As I said earlier, LAME MT’s linear pipelined approach doesn’t gain any benefit from more than two cores, and I don’t believe MusicMatch Jukebox uses anything more than one thread. The QX6700 still looks pretty good, again outperforming the Athlon 64 FX-62 comfortably.

Video editing and encoding

Windows Media Encoder x64 Edition Advanced Profile
We asked Windows Media Encoder to convert a gorgeous 1080-line WMV HD video clip into a 320×240 streaming format using the Windows Media Video 8 Advanced Profile codec.

Windows Media Encoder

Adobe Premiere

VideoWave Movie Creator

Video encoding is one case where wider multithreading is quite possible and common. The QX6700 takes the top spot in our Windows Media Encoder Advanced Profile test, outdoing the higher-clocked Core 2 Extreme X6800 by a small margin. Unfortunately, the three video editing applications that are part of WorldBench simply don’t appear to use more than two threads.

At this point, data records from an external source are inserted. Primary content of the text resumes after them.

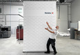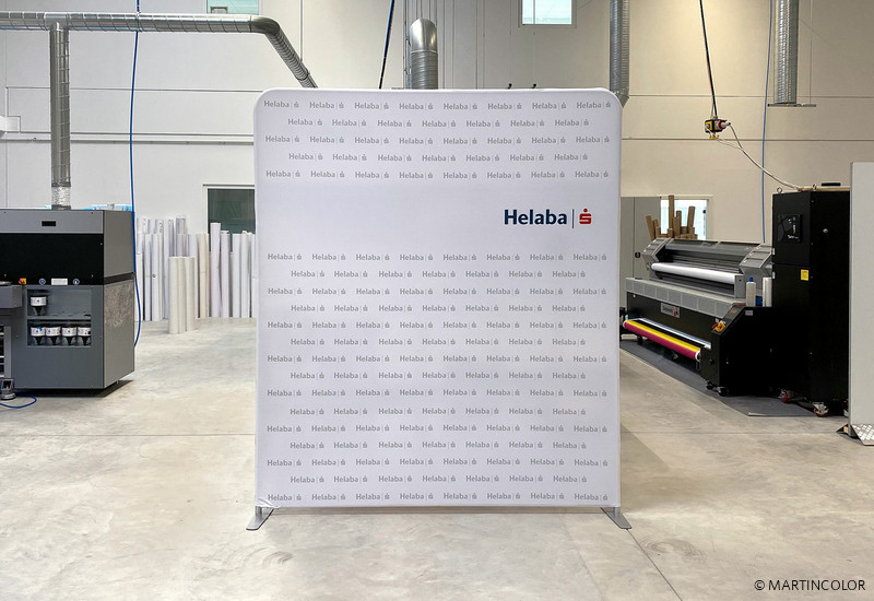 Für die Helaba - Die Landesbank Hessen-Thüringen, produzierten wir eine Rückwand für Online-Meetings. Besonders geeignet ist unsere Rückwände ZippWall. Sie ist in vielen verschiedenen Formaten erhältlich. Für den Einsatz auf Videokonferenzen werden in den meisten Fällen Wandgrößen von 200x230 cm, wie bei der Helaba zu sehen, 250x230 cm oder 300x230 cm eingesetzt. Mit der ZippWall Rückwand sind aber auch Wandbreiten bis zu 600 cm umsetzbar. Die Struktur der Wand besteht aus einem Rahmen, der einfach zusammen gesteckt wird. Da die einzelnen Module nummeriert sind, ist der Aufbau völlig unkompliziert. Die Bespannung des Rahmens mit einem individuell gedrucktem Textilmaterial kann ein- oder doppelseitig produziert werden. Neben bedruckten Bespannungen mit Logo- oder Bildmotiven, können wir natürlich auch neutrale oder Greenscreen Bespannungen herstellen. Besonders praktisch ist der Transport ZippWall Rückwand. Sie wird, zusammen mit dem faltbaren Stoff, einfach in einem PKW-kompatiblen Transport-Rollkoffer vertaut und kann so überall hin mitgenommen werden.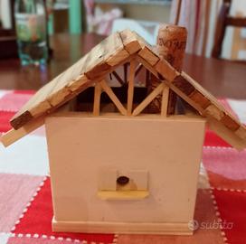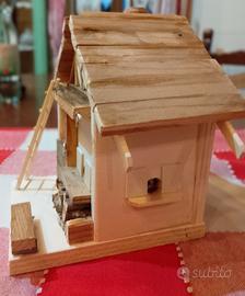 Casetta in legno fatta a mano, con porta incenso nel camino, ideale come oggetto di arredo e profumatore ambiente.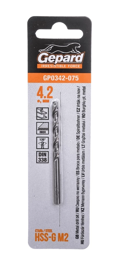 Сверло по металлу GEPARD 4,2×43×75 мм, HSS-G, цилиндрический хвостовик — высокоточное сверло из быстрорежущей стали с легированием (HSS-G), предназначенное для чистого и эффективного сверления отверстий в чёрных и цветных металлах.

To be fair, none of these tests is a prime example of the video encoding potential of a quad-core processor. I had hoped to include an additional video encoding test here, but time limits didn’t permit it. We’ll have to look into adding another codec, perhaps with H.264-class compression and HD source video, in a future review.

Image processing

Adobe Photoshop

ACDSee PowerPack

picCOLOR
picCOLOR was created by Dr. Reinert H. G. Müller of the FIBUS Institute. This isn’t Photoshop; picCOLOR’s image analysis capabilities can be used for scientific applications like particle flow analysis. Dr. Müller has supplied us with new revisions of his program for some time now, all the while optimizing picCOLOR for new advances in CPU technology, including MMX, SSE2, and Hyper-Threading. Naturally, he’s ported picCOLOR to 64 bits, so we can test performance with the x86-64 ISA. Eight of the 12 functions in the test are multithreaded.

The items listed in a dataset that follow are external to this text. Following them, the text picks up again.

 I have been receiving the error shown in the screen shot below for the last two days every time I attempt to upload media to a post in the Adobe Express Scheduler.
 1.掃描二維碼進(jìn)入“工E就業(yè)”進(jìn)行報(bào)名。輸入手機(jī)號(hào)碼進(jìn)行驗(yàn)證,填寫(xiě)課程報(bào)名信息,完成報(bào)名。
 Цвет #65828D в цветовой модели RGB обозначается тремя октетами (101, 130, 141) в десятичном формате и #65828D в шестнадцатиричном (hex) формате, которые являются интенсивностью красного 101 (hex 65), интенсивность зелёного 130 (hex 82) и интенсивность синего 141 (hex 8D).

Scores in picCOLOR, by the way, are indexed against a single-processor Pentium III 1 GHz system, so that a score of 4.14 works out to 4.14 times the performance of the reference machine.

WorldBench’s two image editing apps don’t do much with more than two cores, but the QX6700 turns in the fastest performance we’ve seen in picCOLOR on the strength of its performance in that app’s multithreaded rotate function. As ever, the Core 2 processors occupy the top ranks in all of these tests.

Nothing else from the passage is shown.